Modification of continuous carbon fibers during precursor formation for composites having enhanced moldability
Abstract
Methods of producing continuous carbon fibers for composites having enhanced moldability are provided. Discrete regions are introduced into a continuous precursor fiber comprising an acrylic polymer material, such as polyacrylonitrile (PAN), as the precursor fiber is formed. The precursors may be heterogeneous fibers having a second distinct material interspersed in discrete regions with the acrylic polymer material. Alternatively, the precursors may be heterogeneous fibers where laser is applied to the acrylic polymer material in discrete regions to cause localized molecular disruptions.
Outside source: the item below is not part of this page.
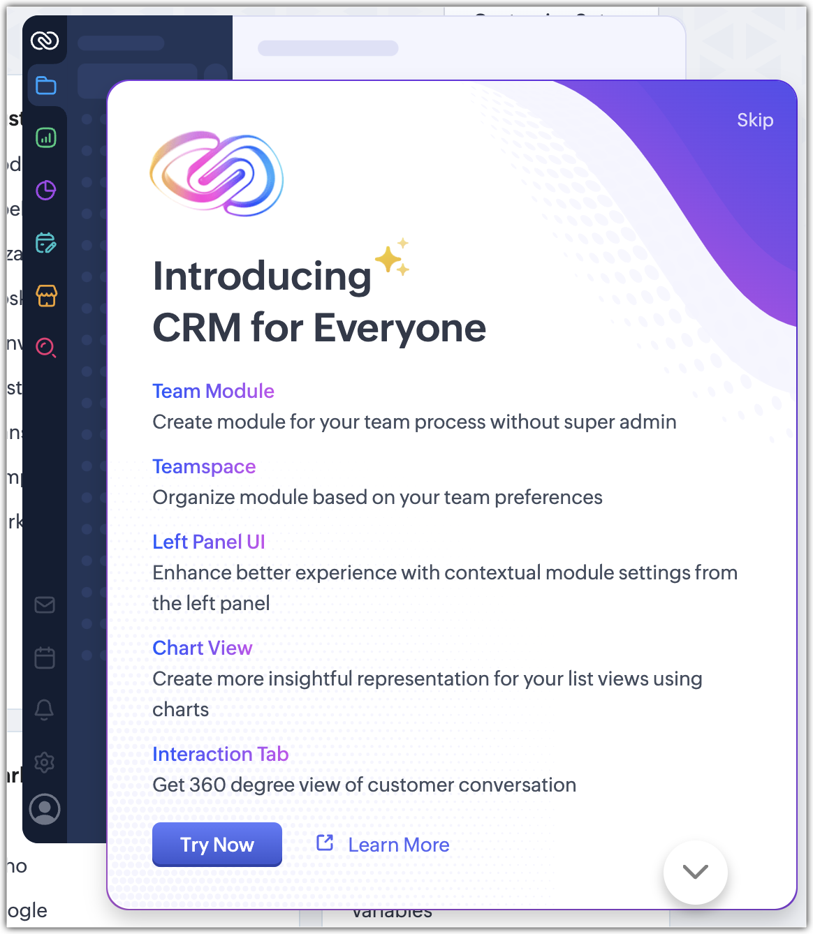 - 一旦发布更新横幅,您可以点击立即尝试启用Zoho CRM全员版。

After the continuous precursor fiber is heated for carbonization and/or graphitization, the precursor forms a continuous carbon fiber having a plurality of discrete weak regions. These relatively weak regions provide noncontiguous break points that reduce stiffness and improve moldability for carbon fiber polymeric composites, while retaining high strength levels. Carbon fiber polymeric composites incorporating continuous carbon fibers having the plurality of discrete noncontiguous weak regions are also provided.
Claims
exact text as granted — not AI-modifiedWhat is claimed is:
1. A method of producing a continuous carbon fiber for use in composites having enhanced moldability, the method comprising:
incorporating a plurality of discrete regions into a continuous heterogeneous precursor fiber comprising a polymer material by co-spinning a first polymeric and a second distinct polymeric material together to form a stream of a first polymeric material having a second distinct polymeric material intermittently introduced into the stream to form the continuous heterogeneous precursor fiber,
wherein after the continuous heterogeneous precursor fiber is heated for carbonization and graphitization, the continuous heterogeneous precursor fiber forms a continuous heterogeneous carbon fiber having a plurality of discrete weak regions corresponding to the plurality of discrete regions.
2. The method of claim 1 , wherein the first polymeric material is an acrylic polymer material.
3. The method of claim 2 , wherein the second distinct polymeric material is selected from the group consisting of: lignin, polyethylene, polystyrene, polymers comprising submicron filler particles, and combinations thereof.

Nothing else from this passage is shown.